Cressida is a Trojan woman who starts the play already in a somewhat precarious political position. Her father, the renowned seer Calchas, has recently defected to the Greeks on account of a vision he had of Troy’s inevitable fall. Left behind in Troy under the care of her uncle Pandarus, Cressida’s future is uncertain. Added to the political uncertainty is the emerging romance between her and the Trojan prince, Troilus. Though his intense desire for her is clear as day, Cressida cunningly keeps her affection for him under wraps—at once an act of self-protection and an erotic strategy where anticipation sweetens their eventual coupling. Though audiences already familiar with the story would expect her coming infidelity and hence be primed to despise her, Shakespeare works to establish sympathy for her in the play’s early acts. Not only is she shrewdly aware of her precarious political position, but she’s also steadfast in her pledges of love for Troilus. So certain is she that she will stay true to Troilus that she invents a curse that can be wielded against her in the event of her apparently impossible infidelity: “As false as Cressid” (3.3.198).

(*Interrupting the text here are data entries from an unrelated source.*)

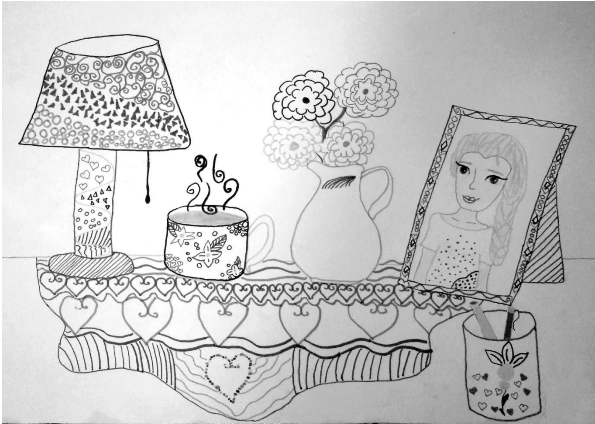
Биљана Самарџић (VII)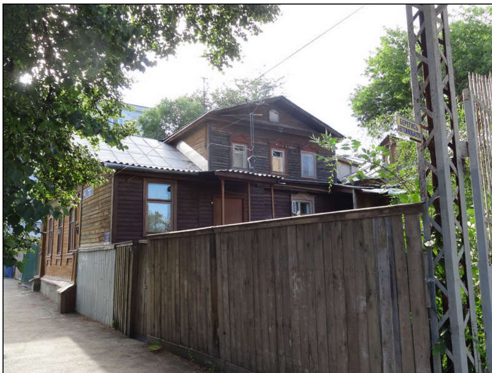
Объект культурного наследия (ул. Бебеля, 18). Вид с ул. Бебеля в направлении с запада на восток. Современное фото.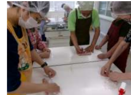
つくしんぼさんにソーセージの作り方を教わりました。色々な種類のソーセージを作り大満足でした♪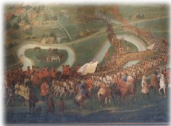
Slag bij Oudenaarde 11 juli 1708

Gelieve uw naam, aantal deelnemers, e-mailadres en gsm-nummer waarop u bereikbaar bent tijdens het bezoek op te geven, of in te vullen op het elektronisch inschrijvingsformulier van de website KOKW. Te betalen op rekening nr. IBAN: BE 50 8508 3519 1418 (BIC SPAABE22) van de KOKW. Betaling geldt als inschrijvingsvolgorde.

Of course, political dealings soon trouble her pledge. The very next scene features Calchas convincing the Greek leaders to trade the Trojan captive Antenor for his daughter, and this trade is the central action of act 4. Like Helen, to whom she is a symbolic parallel, Cressida becomes a pawn. Yet her trade in exchange for Antenor also shows that Cressida doesn’t have the same political value as Helen, on whose account the Trojan War has already been raging for seven years. In becoming a spoil of war in this way, Cressida is set up for her eventual fall. That said, Cressida isn’t innocent when it comes to her betrayal of Troilus. One of the most striking features of her arc in the play is the marked shift in her behavior once she reaches the Greek camp. Immediately upon arriving, she adopts a coquettish demeanor, flirting with the Greek leaders and kissing each in turn. This behavior occasions Ulysses’s disparaging comment: “Set [these actions] down / For sluttish spoils of opportunity / And daughters of the game” (4.5.70–72). In other words, he wants it on record that Cressida is little more than a prostitute.